2.6 detection of the oxygen production Capacity of HCINP nanoparticles in tumor cells
(1) MV3 cells were digested as described above, centrifuged, resuspended and the cells counted at 2 × 105The cell density of each well is inoculated on a 6-well plate, and the plate is placed at 37 ℃ and 5% CO2And culturing under saturated humidity condition.
(2) Cells were added with [ Ru (dpp) ] at a concentration of 5. mu.M3]Cl2The medium of (4) was pretreated for 4 hours.
(3) Discarding the culture medium, adding culture medium containing HCINP nanoparticles with concentration of 4 μ g/mL and 8 μ g/mL respectively, setting control group with 3 multiple holes, and placing into incubator for further culture for 12 h.
(4) The medium was discarded and washed three times with PBS.
(5) Observation photographing was performed using an inverted fluorescence microscope, and Image J software was used for [ Ru (dpp)3]Cl2The fluorescence intensity of (2) was quantitatively analyzed.
2.7 in vitro study of HCINP nanoparticle-mediated enhanced PDT Effect
(1) Grouping experiments: a: ctr group, no medicine is added and NIR laser is not irradiated; b: NIR group, irradiating only NIR laser (3W/cm)2) (ii) a c: HCINP group, HCINP alone (8. mu.g/mL); d: IR820+ NIR set, IR820 (8. mu.g/mL) was added and NIR laser (3W/cm)2) (ii) a e: CINP + NIR group, CINP (8. mu.g/mL) was added and NIR laser (3W/cm)2) (ii) a f: HINP + NIR group, HINP (8. mu.g/mL) was added and NIR laser (3W/cm)2) (ii) a g: HCINP + NIR group, HCINP (8. mu.g/mL) was added while NIR laser (3W/cm)2)。

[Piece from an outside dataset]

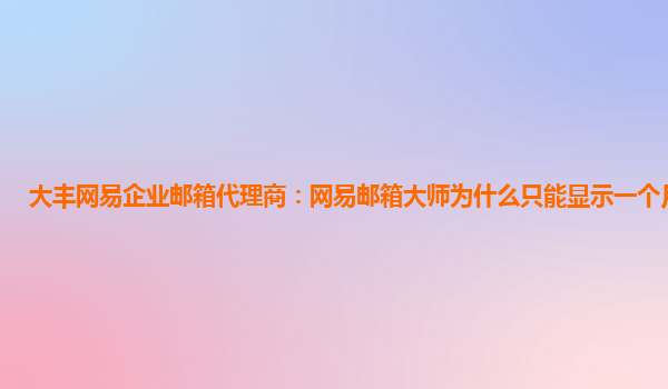 2024-02-24大豐網易企業郵箱代理商:網易郵箱大師為什么只能顯示一個月的郵件 在使用網易企業郵箱時,有些用戶可能會發現網易郵箱大師只能顯示一個月的郵件。這種情況通常是由于郵箱設置或者郵件管理策略所導致的,下面我們來...

(2) MV3 cells were digested as described above, centrifuged, resuspended and the cells counted at 3 × 104Cell density per well was seeded in 24-well plates and placed in cell culture incubator overnight for adherence.
(3) Discarding the old culture medium, adding culture medium containing corresponding drugs according to the grouping method, setting three multiple holes in each group, and placing the hole plate into an incubator to continue culturing for 12 h.
(4) The well plate was removed, the medium was discarded, and washed with PBS to remove the drug that did not enter the cells. Placing the pore plate under a laser for irradiation, and setting the irradiation power to be 3W/cm2The duration is 5 min.
(5) After treatment was complete, cells were stained by adding 2 μ M calcein (calcein-AM) and 4 μ M Propidium Iodide (PI) to each well, and the wells were placed in an incubator and incubated for 35 min.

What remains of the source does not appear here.